The Kappa Sigma fraternity became the center of my social life, and I remember dating several girls from WFU and Salem (I won’t embarrass them by revealing their names.). Graham Denton became my best friend, a friendship that endured through our years at WFU and for 45 years thereafter. Unfortunately, Graham passed away in 2013.

I married Anne Miller in January 1983 and inherited two wonderful children…James who graduated from WFU in 1996 and Ashley who graduated from Salem. Anne & I have two children, Maggie who graduated from WFU in 2007 and played on the golf team, and Sarah (who later married a WFU grad) who finished Presbyterian College in 2008. Yes, I did thank her for providing the Deacs with our first win of this season.

I have so many fond memories of WFU but had better close for now.
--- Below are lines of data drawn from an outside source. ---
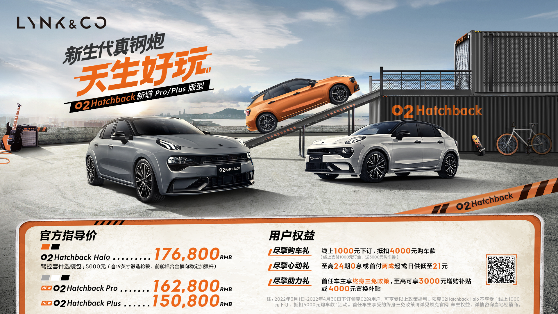 Ø 尽擎购车礼:线上1000元下订,抵扣4000元购车款(领克02 Hatchback Halo除外);
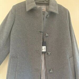 You deserve this luxurious coat! Brand new, grey classic elegant coat with a wool and cashmere blend that will elevate any outfit. I purchased this brand-new to wear to an event that got cancelled (darn) and now it's just sitting in my closet. She's ready to join your wardrobe!
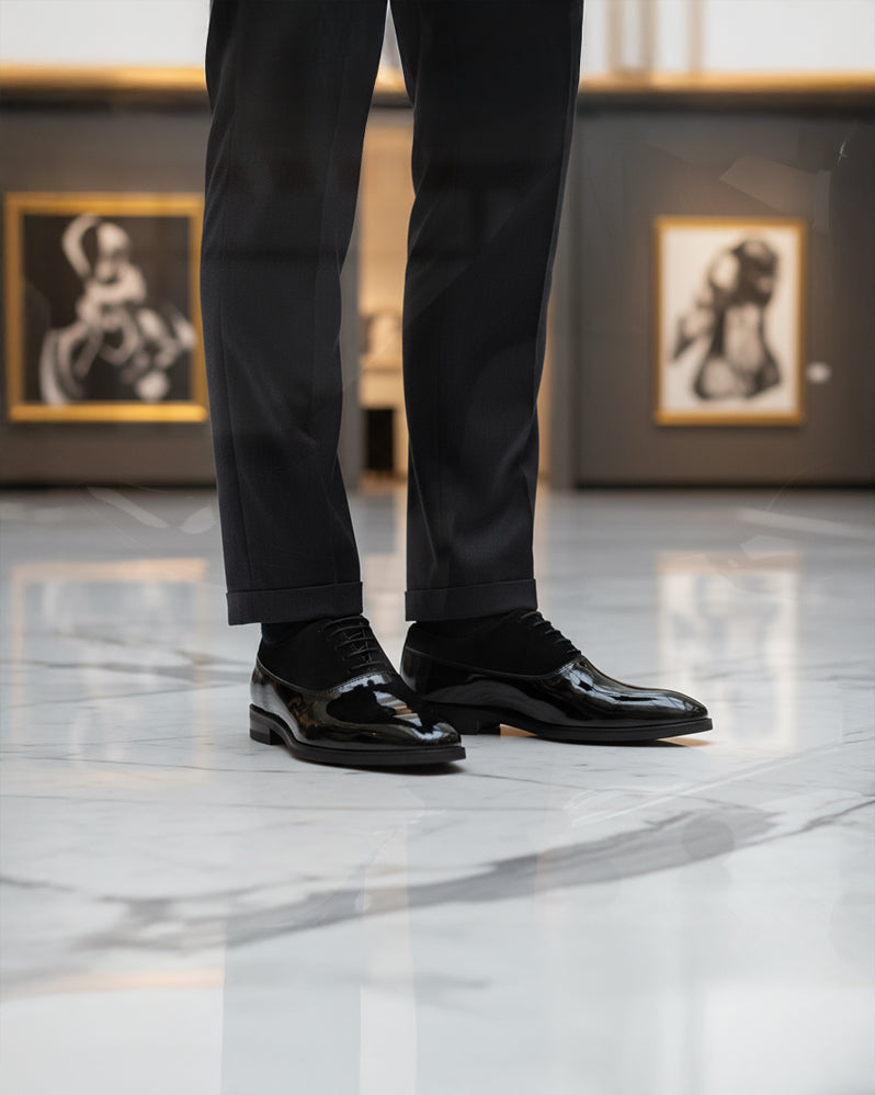 Aristo - Men's Black Patent Leather and Kid Suede Oxford Shoe
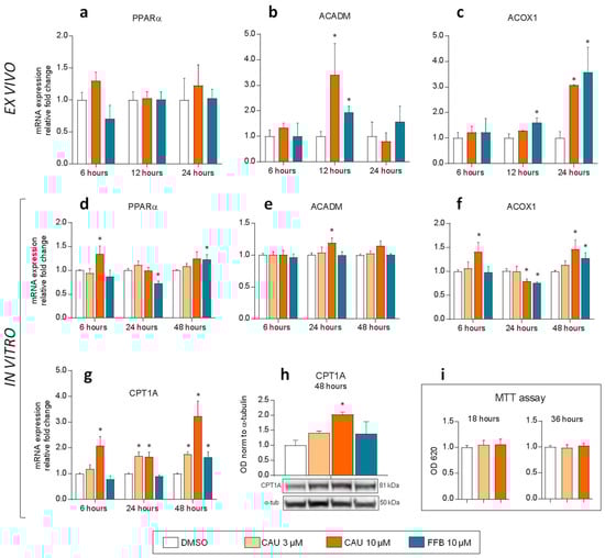 In particular, mRNA levels of ACADM increased after 12 h exposure to both CAU (3.4-fold) and FFB (1.9-fold) and ACOX1 showed a high up-regulation after 24 h exposure (3.0 and 3.6-fold for CAU and FFB, respectively). When assayed in a dose-dependent manner in a simpler cellular model (HepG2 cells), CAU and FFB induced the expression of PPARα responsive genes functioning in mitochondrial (ACADM, CPT1A) and peroxisomal (ACOX1) fatty acid β-oxidation (Figure 6d–g). In addition, we found significant overexpression of carnitine palmitoyltransferase 1A (CPT1A) protein at 48 h following CAU treatment in the same model (Figure 6h). The MTT viability assay demonstrated no cytotoxicity after exposure to CAU (Figure 6i).
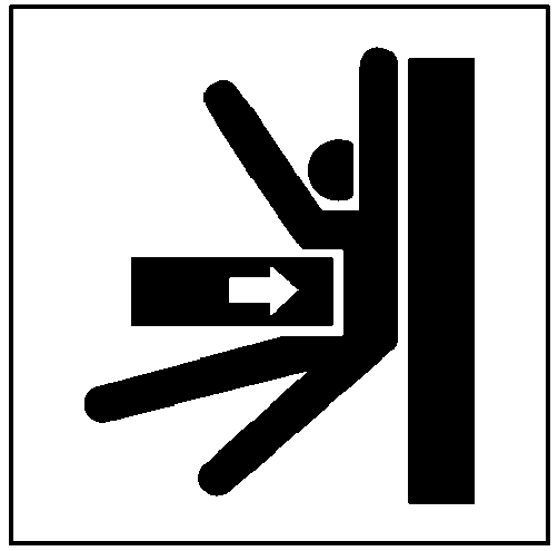 рисунке D.23 приведены примеры иллюстраций опасности, в которых используются стрелки, обозначающие давление или силу. Размеры в условных единицах (клетках) см. в
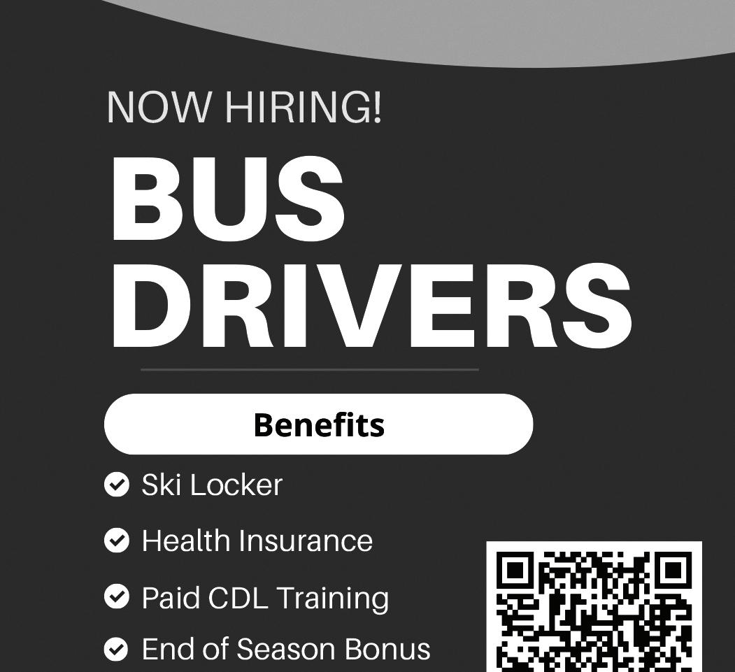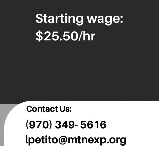 OUR TEAM: Mountain Express is looking to recruit already CDL’d drivers for immediately available shifts. Starting wage is $25.50/hr. as well as a sign-on bonus. Free health insurance is available based on hours worked. Ski locker benefit. Drivers are responsible for safe transport and friendly assistance of passengers on our bus route. Please contact Leah Petito at lpetito@ mtnexp.org to apply and for a complete Job Description visit mtnexp.org.
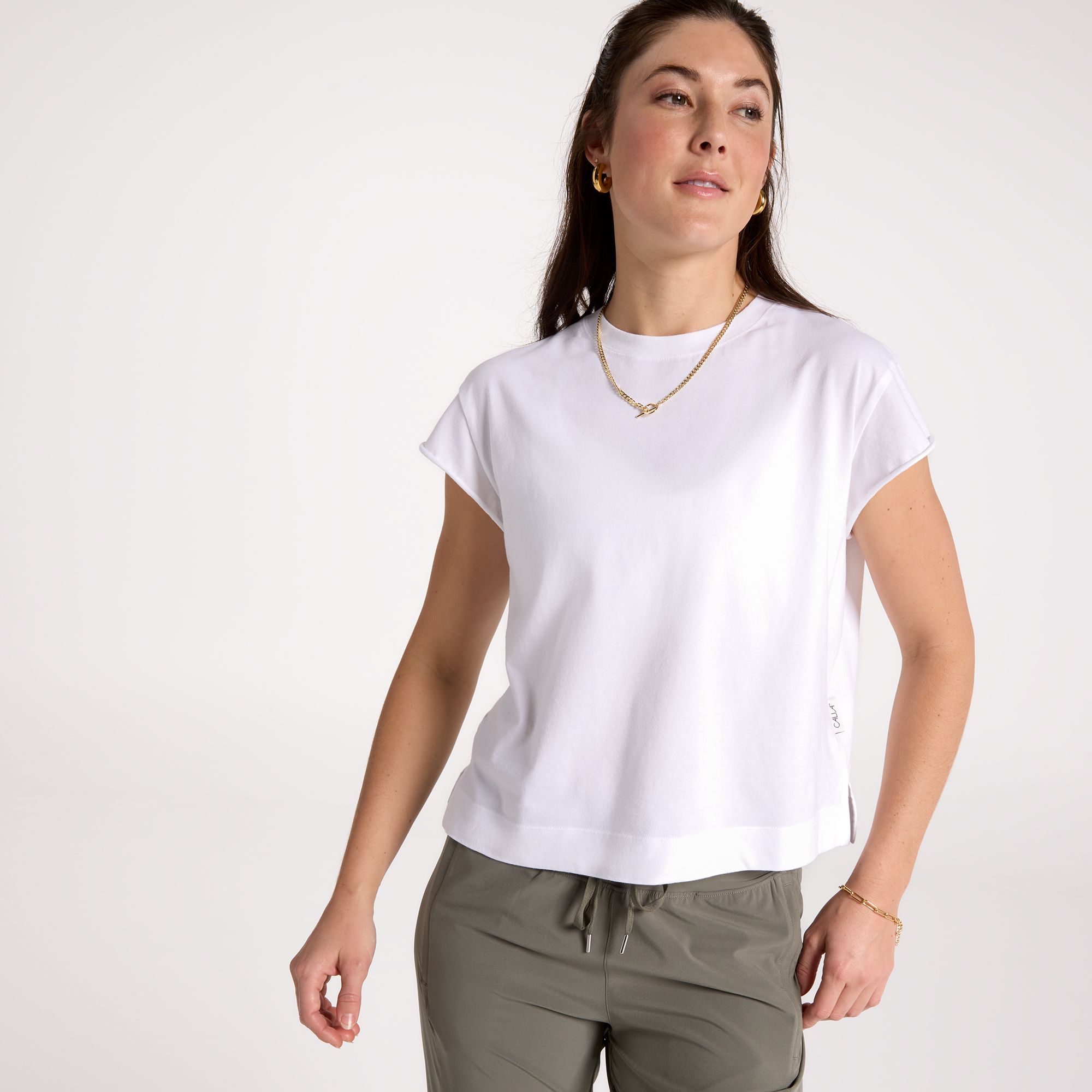 [This review was collected as part of a promotion.] I really like this CALIA Everyday Jersey Roll Sleeve Crew! The cotton is soft and breathable, so it’s comfortable for casual wear or errands. The roll-sleeve detail adds a cute, relaxed look, and the fit is true to size for me. It’s versatile enough to pair with jeans, leggings, or shorts. Overall great value for the price — I’ll probably pick up another color!
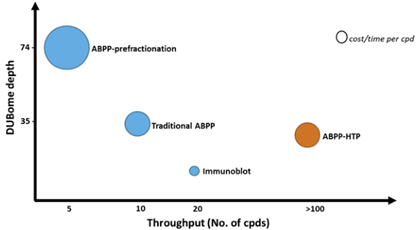 圖6比較DUB鑒定深度的ABPP分析(Y軸)和不同檢測(cè)方法包括傳統(tǒng)ABPP、基于免疫印跡的ABPP和高通量ABPP(ABPP-HTP)的分析。X軸代表不同方法的檢測(cè)樣本數(shù)量,繪制的圓圈大小代表了每種受試抑制劑化合物的相對(duì)成本?梢钥闯作者新開(kāi)發(fā)的檢測(cè)方法(ABPP-HTP)的鑒定深度略低于傳統(tǒng)方法,但通量遠(yuǎn)大于傳統(tǒng)方法。新方法大大提高了檢測(cè)效率。
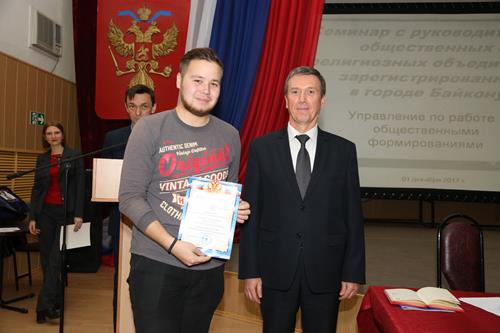 01 декабря 2017 г. Управлением по работе с общественными формированиями проведен семинар с руководителями и членами общественных и религиозных объединений на тему «Деятельность общественных и религиозных объединений в городе и их участие в решении социально значимых вопросов на основе взаимодействия с органами государственной власти и местного самоуправления».
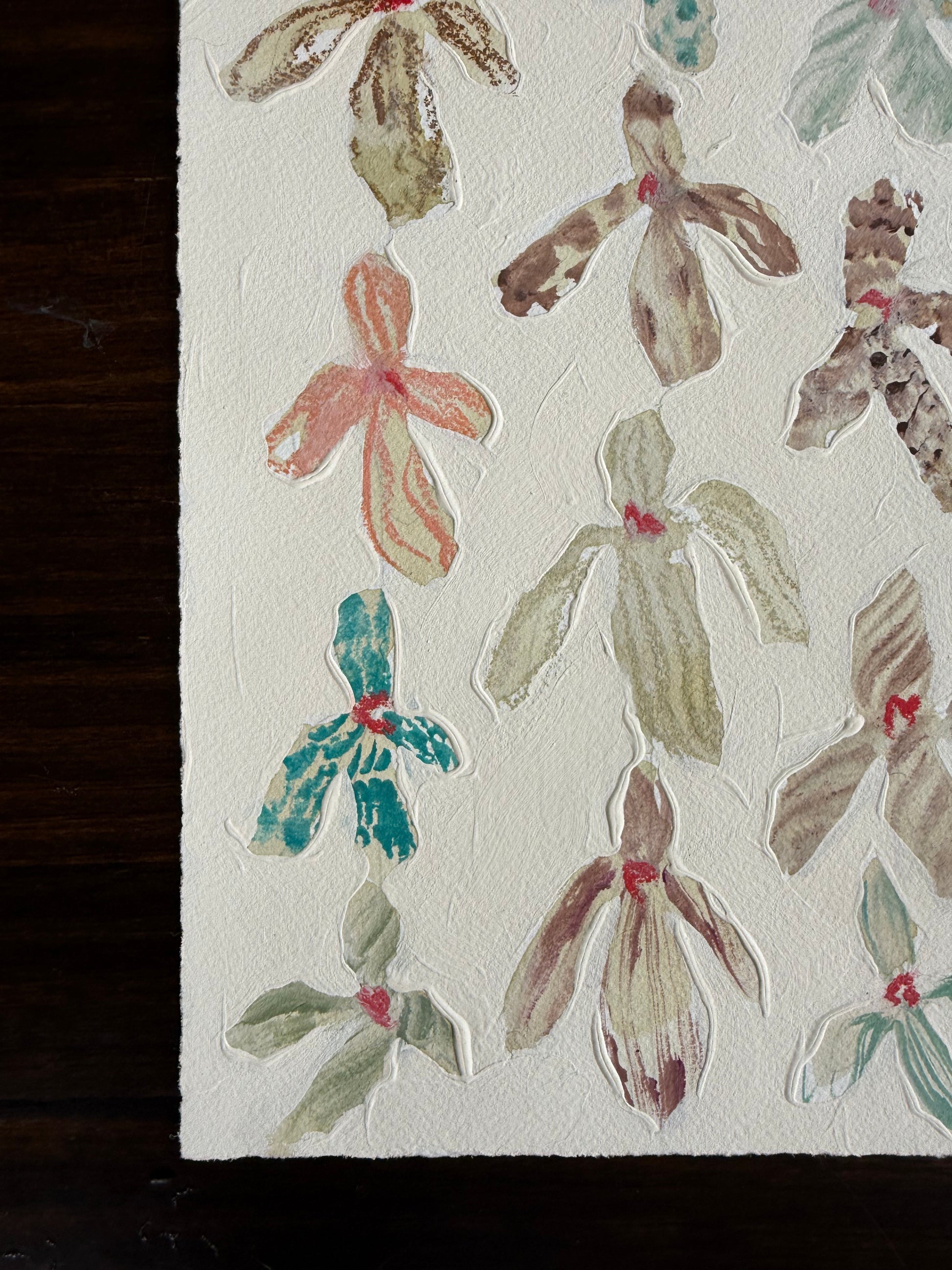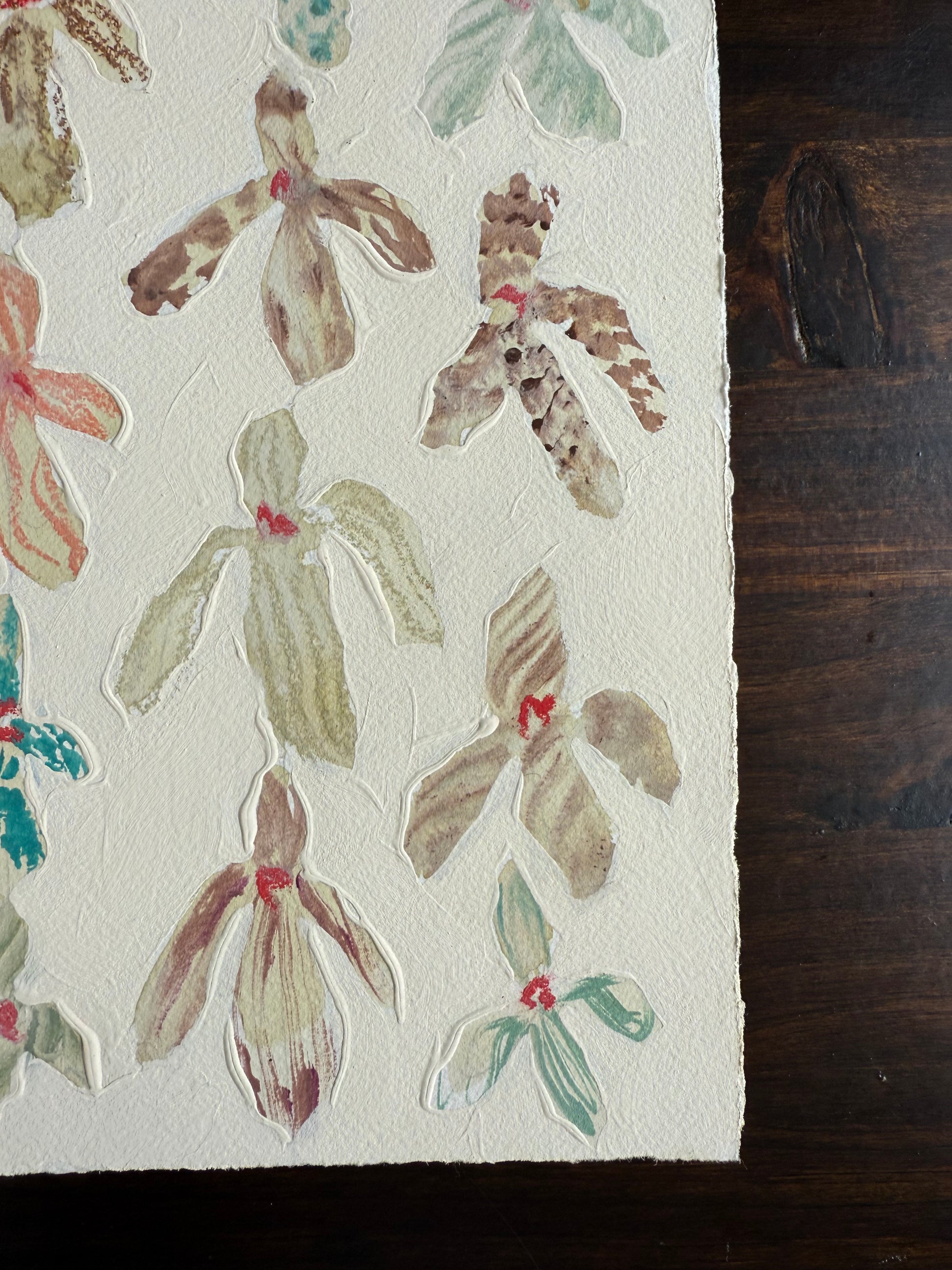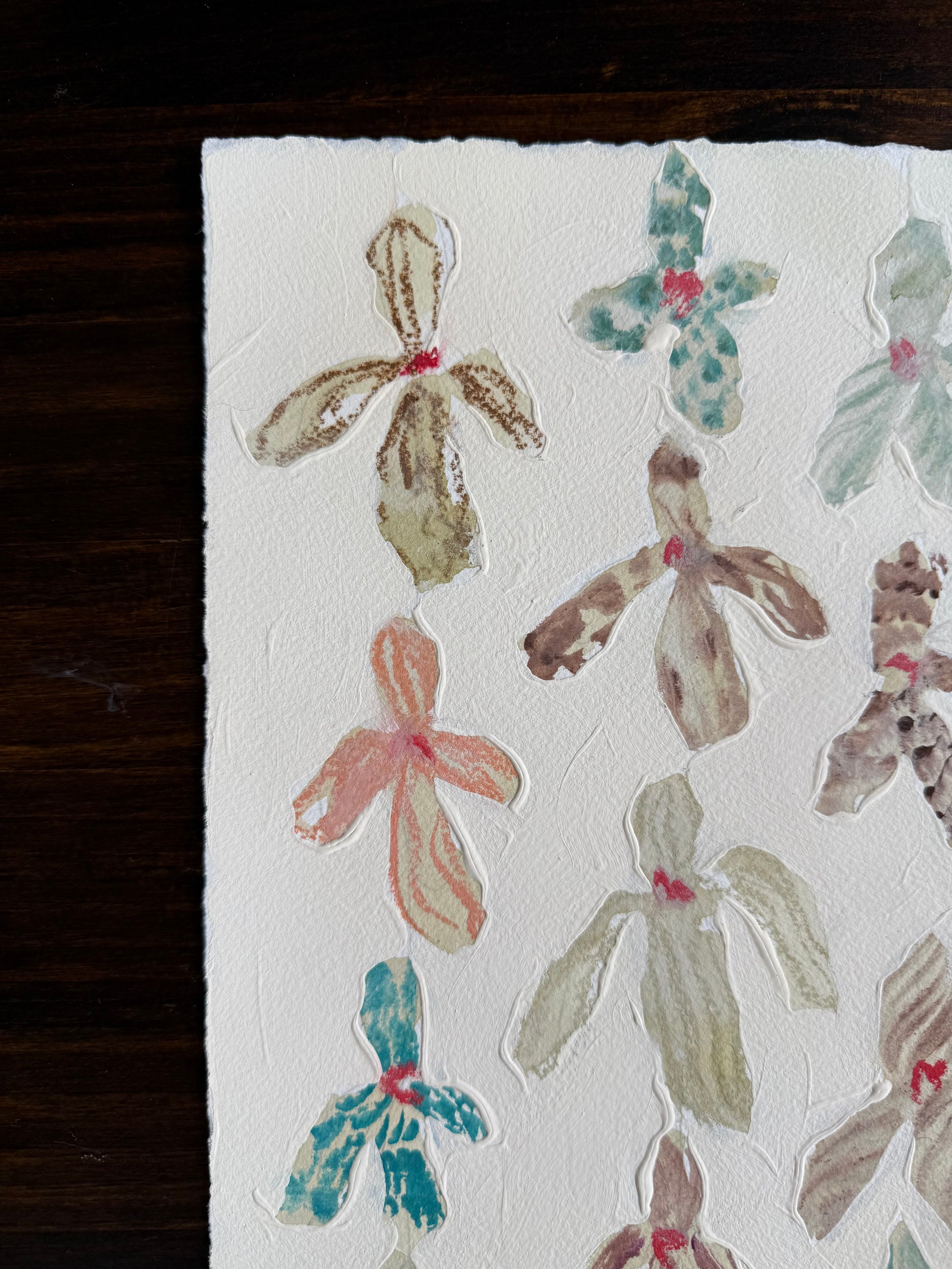 As her experience of time in motherhood shifts, so does the work. From more rigid grids of routine found in early motherhood to more fluid silhouettes of palmy irises as she returns to her own sort of pattern again. Marks become less sharp & quick. They start to draw out her own identity as time becomes hers again. With her background & formal training in drawing, Shelby uses mark making to emphasize that precise moment as if they are timestamps. Racing marks with time all while doing it with a nurturing quality of practice, her work expands on the essence of what time feels like in this very moment of motherhood.

I look forward to seeing everyone this weekend


Sara Hendricks Sinal

After graduating from Wake Forest, I went to UNC Chapel Hill for medical school. I graduated there in 1971. I did a year of mixed Med/Peds internship in Chapel Hill. Paul Sinal and I married in 1969. At this point, he entered WFU School of Law and I completed my Pediatric residency at NC Baptist Hospital in Winston Salem in 1975. I was offered a faculty position in Pediatrics at Bowman Gray, now Wake Forest University School of Medicine. I thoroughly enjoyed the next 35 years seeing pediatric patients and teaching medical students and residents. I developed a sub-specialty in Child Abuse Pediatrics and saw many abused children and gave expert witness testimony in court.

After retirement in 2010, I became Medical Director and pediatrician at The Dragonfly House, a child advocacy center for assessment and treatment of abused and neglected children. I gave up that position after 4 years. I still do some consultant work and teaching for the Child Medical Evaluation Program, the NC state child abuse program.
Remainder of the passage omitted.